● **EXERCISE PROMPT**
Only the lines from the beginning of the data through the line holding "Divano in vera" belong in the answer, printed exactly and without pictures.

━━ EXERCISE DATA

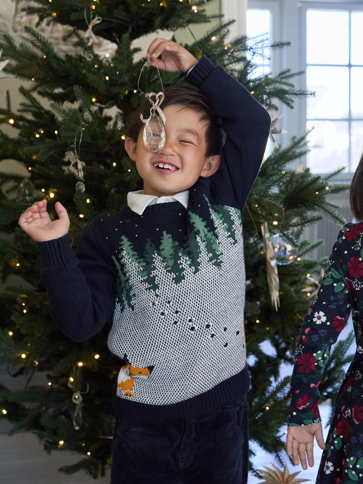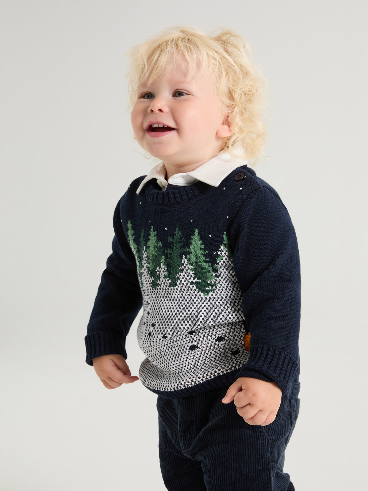 Jaquardstrikket genser i 100 % økologisk bomull med fint vinterinspirert mønster. Den ultimate julegenseren!
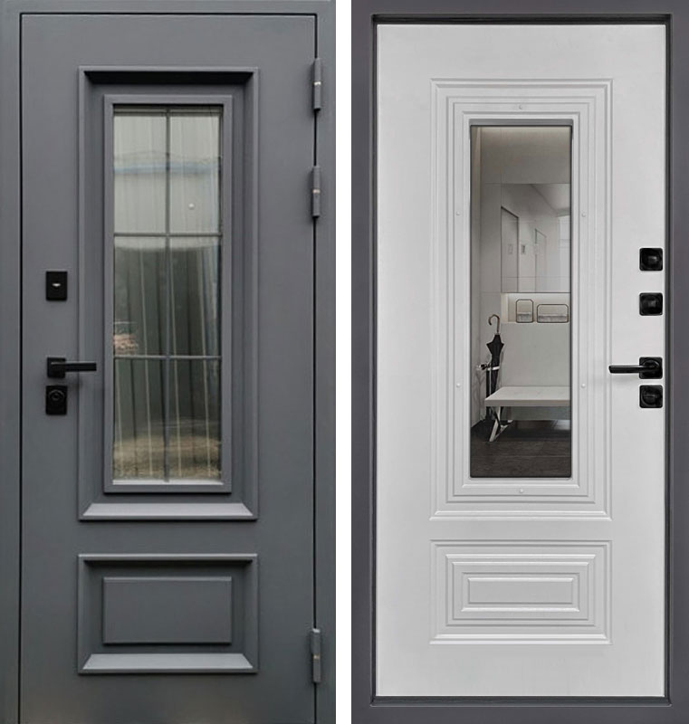 Отделка двери Термо Аляска снаружи - металл, цвет Серый муар+цинк, отделка внутри - фрезерованная панель с зеркалом, цвет Белый.
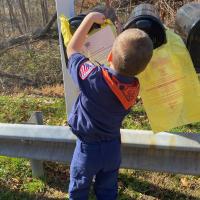 Our scouts distributed bags for food collections for our local food bank. One week the bags were delivered to almost every house in our community and the following week the bags were picked up and delivered to a central location. We had received over 500 bags of food. The scouts organized these bags into bins by food categories.
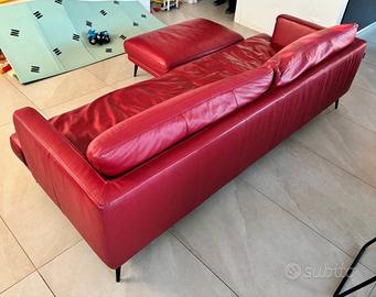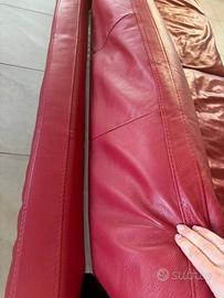 Divano in vera pelle, colore rosso scuro (è leggermente più scuro di come si vede in foto), 4 posti (due sedute/cuscini grandi, da circa 1 metro ciascuna).
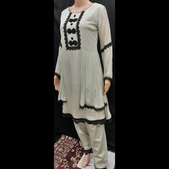 What sets these suits apart is the exquisite detailing. Each piece is adorned with a rich blend of embellished laces, intricate embroidery, and tasteful patchwork, combining traditional artistry with modern elegance. The designs are carefully curated to reflect the grace and charm of ethnic wear, enhanced with a contemporary touch that suits the modern woman.
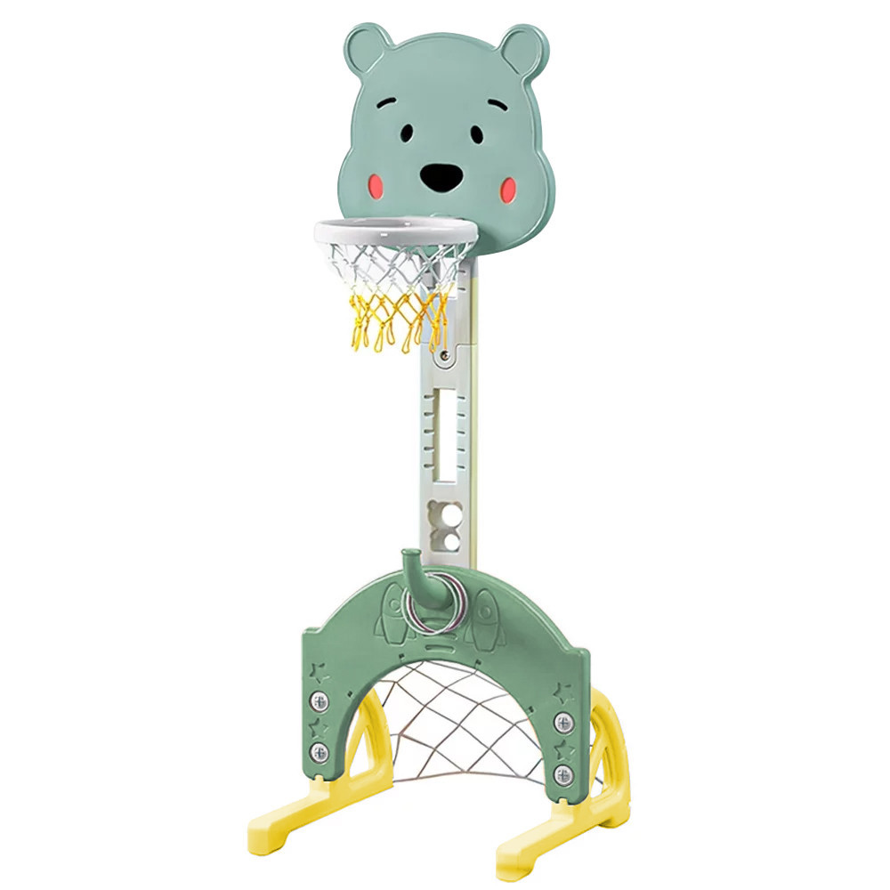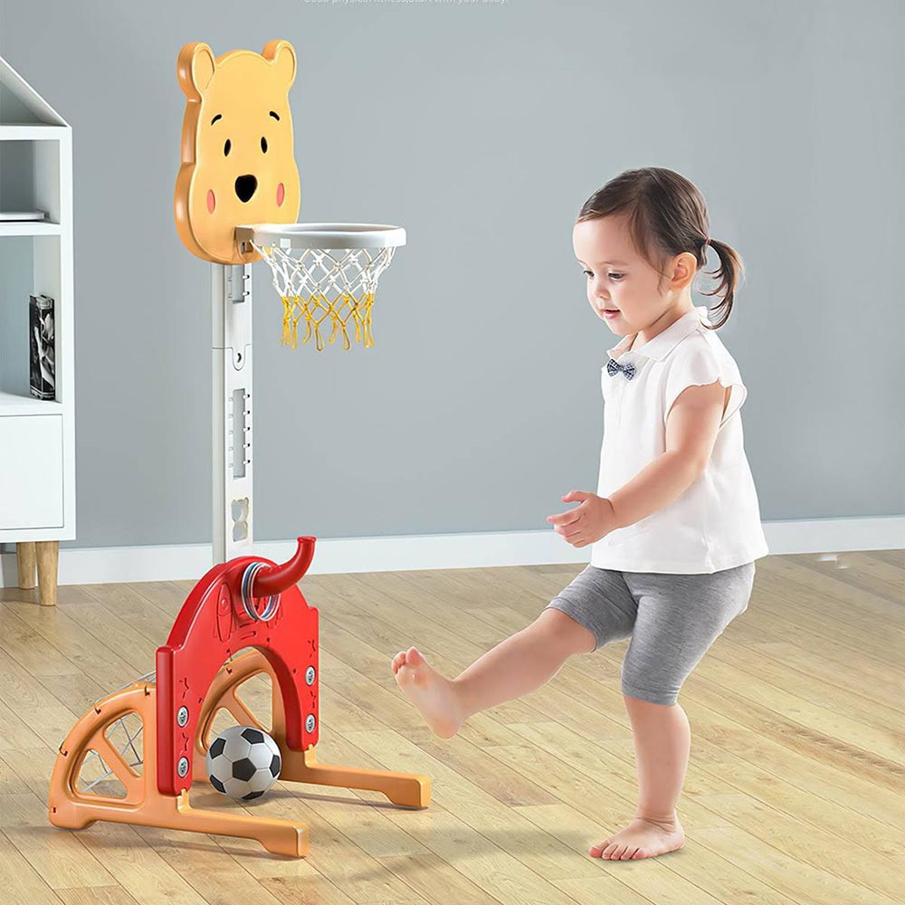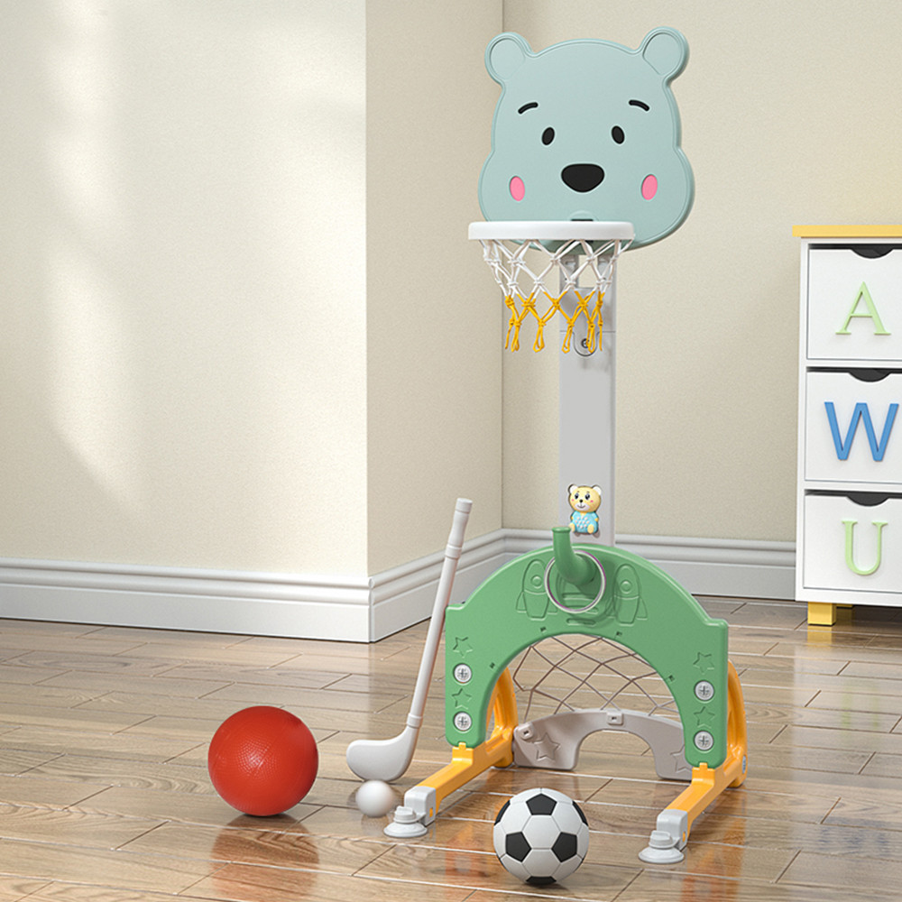 Acest set de joc oferă patru activități sportive diferite într-un singur suport. Secțiunea de baschet dispune de un panou cu înălțime reglabilă, adaptabil la dezvoltarea copilului. Fotbalul este echipat cu o poartă de dimensiuni reduse, ideală pentru primele șuturi și exersarea tehnicii de țintire. Jocul de aruncare a inelelor ajută la dezvoltarea preciziei și a coordonării mână-ochi, în timp ce golful contribuie la învățarea tehnicilor de lovire de bază și la îmbunătățirea concentrării.

━━━━

● **SOLVED EXERCISE**
 Jaquardstrikket genser i 100 % økologisk bomull med fint vinterinspirert mønster. Den ultimate julegenseren!
 Отделка двери Термо Аляска снаружи - металл, цвет Серый муар+цинк, отделка внутри - фрезерованная панель с зеркалом, цвет Белый.
 Our scouts distributed bags for food collections for our local food bank. One week the bags were delivered to almost every house in our community and the following week the bags were picked up and delivered to a central location. We had received over 500 bags of food. The scouts organized these bags into bins by food categories.
 Divano in vera pelle, colore rosso scuro (è leggermente più scuro di come si vede in foto), 4 posti (due sedute/cuscini grandi, da circa 1 metro ciascuna).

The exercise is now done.